Published: February 16, 2005
PHOTO AVAILABLE: Trauma Services Associates Offers Prescription For The African American Community
Black History Month: Healing from past trauma and violence
CHARLOTTE, N.C. (EWORLDWIRE) Feb 16, 2005
"The Pain Didn't Start Here: Trauma and Violence in the African-American Community" by Denyse Hicks-Ray, Ph.D., B.C.E.T.S connects the clinical definition of psychological trauma and its effects of violent and maladaptive behaviors presented in the African-American community.

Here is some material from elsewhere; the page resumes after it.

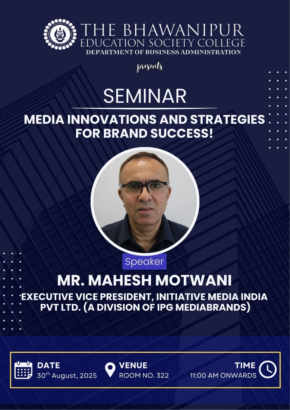 The Department of Business Administration at The Bhawanipur Education Society College successfully organized a seminar titled ” Media Innovations and Strategies for Brand Success!” on 30th August at 11AM. The event was held in Room 322 (3rd Floor) and attracted an enthusiastic audience, with over 50 students in attendance from all semesters.

Revealing painful truths about African-American trauma, the book takes the reader on a psychologist's perspective of the journey of intergenerational pain and suffering. It explains how the effect of untreated pain has created a community that lacks cohesiveness and the skills to move forward in a society that would much rather have its citizens clean, safe and doing much less harm to children.
By empowering through education and awareness "The Pain Didn't Start Here" also addresses the lack of skills necessary to move the community from fragmented and broken to healthy and healed. Dr. King Davis, executive director of the Hogg Foundation for Mental Health at the University of Texas believes that "The Pain Didn't Start Here" will go far toward addressing the conflict between the inability of many African-Americans to move forward and their lack of desire.
A native of Philadelphia, author Hicks-Ray's professional career has been dedicated to improving the mental health of women and their children, especially minority and underserved families. As a clinical psychologist with a specialty in psychological trauma, she has devoted her career to providing mental health education, involvement in clinical research, and to the campaigning for local and federal programs directed to services for the underprivileged.
Prior to her founding the African-American Women's Mental Health Authority and Trauma Service Associates she was a correctional program specialist, designing programs in the criminal justice system for women with co-occurring disorders and histories of psychological trauma. Hicks-Ray has given numerous presentations on various topics related to women and children's mental health, especially poor women and minorities.
Hicks-Ray is a much sought-after speaker on topics close to her heart including improving mental health care access and eliminating mental health disparities for vulnerable people, African-American women's mental health and the needs of young people (health and otherwise).
Hicks-Ray has received numerous prestigious professional and community awards, including the Extraordinary Woman Award of 2001. Most recently, the DENRAH Foundation created a scholarship in her honor. Two recipients each year will be selected from underprivileged and minority applicants to receive full fellow's scholarships. The first "Hicks' Scholars" began doctoral studies in Fall 2002. Hicks-Ray is co-author of the "Surgeon General's Report on Mental Health: Culture, Race, and Ethnicity."